In 2012, Spatterlight Press started offering DRM-free e-books editions of many of the works of Jack Vance, based on the source texts collected by the Integral Edition project. It is the intent of Spatterlight Press to publish the complete Integral Edition in e-book form, and also as print-on-demand paperbacks. Gollancz use the VIE texts in their "SF Gateway" e-ditions starting in 2012.

List of works

Works inspired by Vance

  • A Quest for Simbilis by Michael Shea (DAW, NY, 1974) (authorised sequel of the Cugel novel Eyes of the Overworld although Vance later wrote his own sequel Cugel the Clever; Shea also wrote Nifft the Lean (DAW, NY, 1982), and The Mines of Behemoth (1997) about a Cugel-like character; and In Yana, the Touch of Undying (DAW, NY, 1985) which is also Vancian. A Quest for Simbilis was reprinted in 2020 by Spatterlight Press under the "Paladins of Vance" label.).

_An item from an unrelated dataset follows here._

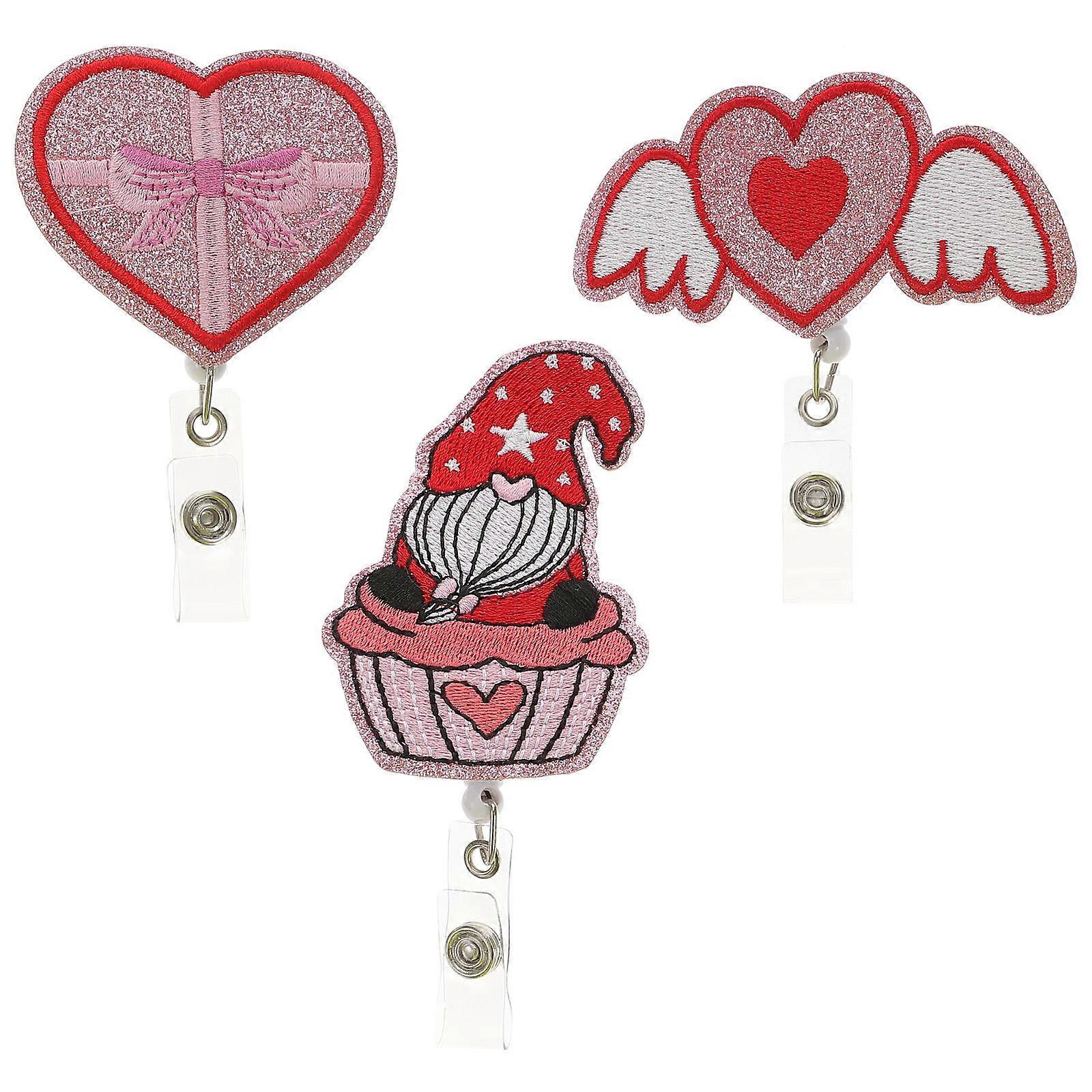 Cute Retractable Badge Holders For Students And Medical Staff Featuring Decorative Heart Shape 3Pcs

  • The Archonate series by Matthew Hughes (beginning with Fools Errant (Aspect Books, 2001)) is set in a Vancean universe which at long intervals changes between running on science and rational cause-and-effect to magic and sympathetic association, with cataclysmic effects for its inhabitants. Stories set before this change, including the Henghis Hapthorn and Luff Imbry series take place in a futuristic space opera setting reminiscent of Vance's Gaean Reach while those set after, including the Raffalon and Baldemar series are in the Dying Earth subgenre. Hughes also published an authorised sequel to the Demon Princes series with Spatterlight Press under the "Paladins of Vance" label; titled Barbarians of the Beyond, the book was released in summer 2021.
  • Phaedra: Alastor 824 by Tais Teng (Spatterlight Press, 2019) (authorised Alastor Cluster novel under the "Paladins of Vance" label.)

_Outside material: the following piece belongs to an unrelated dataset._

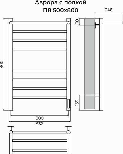 Полотенцесушитель электрический Terminus АВРОРА С ПОЛКОЙ 4670078556974

  • Dinosaur Park by Hayford Peirce (Tor, NY, 1994).
  • Fane by David M. Alexander (longtime Vance friend). (Pocket Books, NY, 1981).
  • The Pharaoh Contract (Bantam, 1991), Emperor of Everything (Bantam, 1991), Orpheus Machine (Bantam, 1992) by Ray Aldridge.
  • Gene Wolfe has acknowledged that The Dying Earth influenced his The Book of the New Sun.
  • Dan Simmons's Hyperion Cantos has many echoes of Vance, explicitly acknowledged in one of the later books.
  • The Golden Age by John C. Wright has some similarities to Jack Vance's works, including an ornamented language, and a baroque and sterile culture toppled by a lone individualist.
  • The Arbiter Tales (1995–1956), three novels by L. Warren Douglas, were strongly influenced by Vance's Alastor Cluster stories. (Douglas's first novel, A Plague of Change (1992), is dedicated to Jack Vance.)
  • The Dog of the North (2008), a fantasy by Tim Stretton, is strongly influenced by Vance, as noted in the acknowledgements. He outlines his debt to Vance on his blog.
  • Songs of the Dying Earth (2009), a tribute anthology to Jack Vance's seminal Dying Earth series, edited by George R. R. Martin and Gardner Dozois, both avid Vance fans.
  • The Dungeons & Dragons role-playing game and associated literature used a magic system inspired in part by Jack Vance's Dying Earth series, notably the fact that magic users in the game forget spells they have learned immediately upon casting them, and must re-study them in order to cast them again (Indeed, this whole system of magic is commonly known as 'Vancian Magic'). The Dying Earth and The Eyes of the Overworld are featured in the "Appendix N: Inspirational and Educational Reading" section of the 1st edition of the Dungeon Masters Guide and in "Appendix E: Inspirational Reading" the 5th edition of the Player's Handbook. One of the prominent villains in the game, Vecna, is named after Vance, his name being an anagram of the author's surname.
  • Other role-playing games include: Lyonesse, Dying Earth, and Talislanta (originally designed by Stephen Michael Sechi).
  • A Song of Ice and Fire by George R. R. Martin. In the series, Martin includes a minor character, "Lord Vance of Wayfarer's Rest". In further reference to Jack Vance, the character's daughters are named Liane, Rhialta, and Emphyria for Liane the Wayfarer, Rhialto the Marvellous, and Emphyrio, respectively.
  • Intergalactic Words: Articles for Consideration (2011), a series of articles by Joseph Wykel, is strongly influenced by Vance. Particularly the article Solo Ball Future about the dying sun.